Protected area in South Australia

Wharminda Conservation Park is a protected area in the Australian state of South Australia located on the Eyre Peninsula in the gazetted locality of Wharminda about 95 km north of Port Lincoln and about 30 km south of Lock.

It was constituted as a conservation park under the National Parks and Wildlife Act 1972 on 7 November 1985 on land all in Section 94 of the cadastral unit of the Hundred of Verran. It was dedicated to “conserve remnant vegetation” which is “dominated by mallee and shrubland” and has “no provision for access under state mining legislation”. Its name is derived from nearby features such as the Wharminda Railway Siding.

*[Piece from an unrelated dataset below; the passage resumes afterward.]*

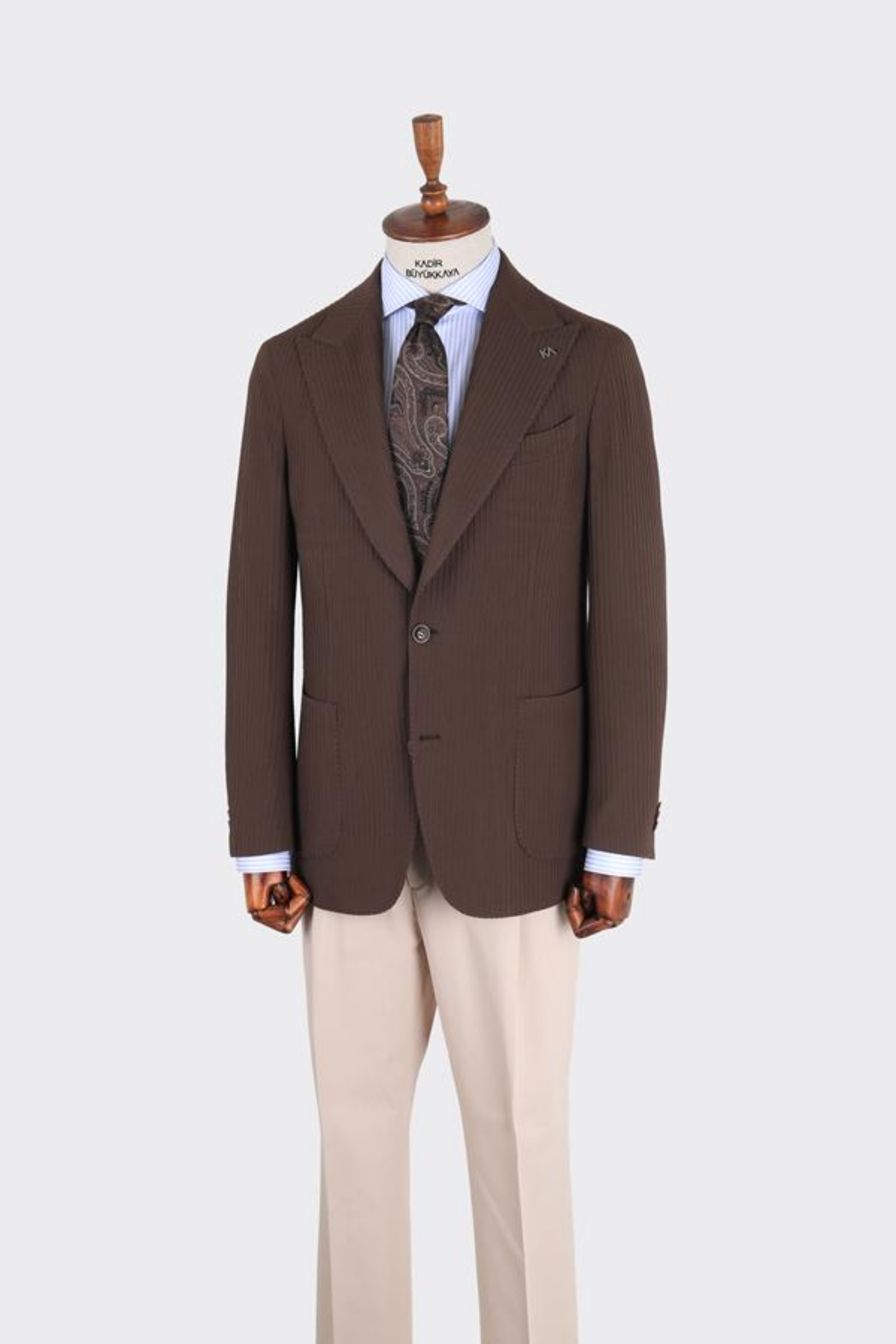 İki düğme ceket 6 drop ve kırlangıç yaka modelinde olup , nefes alabilir ve dört mevsim kullanıma uygundur. Ürün içeriği tek ceketten oluşur. Çift düğme, napolitan omuz ve çift yırtmaç modeli uygulanmıştır. Logomuz olan KA yaka rozeti bulunmaktadır, istenildiğinde çıkartılabilir. Hem klasik hem spor kombinler için tercih edilebilir.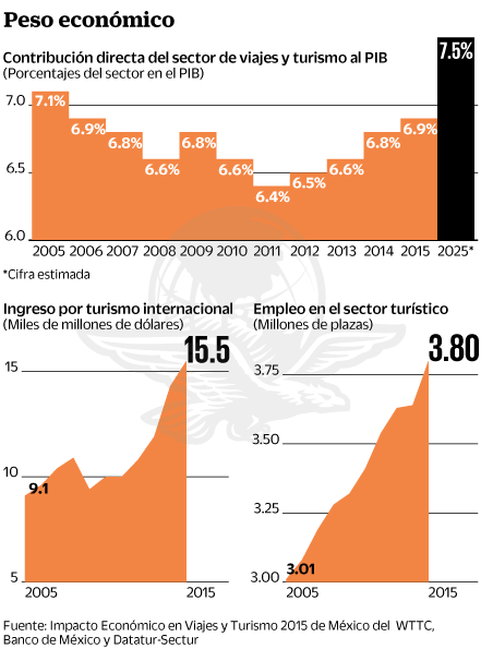 Según cifras del consejo, la contribución directa del sector al PIB en 2014 fue de mil 155 millones de pesos (6.8% del PIB) y en 2015 fue de mil 226 millones de pesos (6.2%).

As of 2007, the Wharminda Conservation Park partially contains a shrubland including the following plant associations and species of conservation concern. A “mallee community” dominated by Eucalyptus peninsularis which was considered to be “a state endangered ecosystem” was present in the conservation park. Two sub-populations of bearded emubush (Eremophila barbata) were located within the conservation park and which was reported as being “state and regionally rare”. The four following species which were considered as being “rare at a state level” have been recorded in the conservation park - six-nerve spine-bush (Acacia hexaneura), the mallee bitter-pea, the blue range emubush and the hidden leek-orchid (Prasophyllum occultans).

As of 2007, there was no access for visitors into the interior of the conservation park and nor was there plans to create such access.

The conservation park is classified as an IUCN Category III protected area.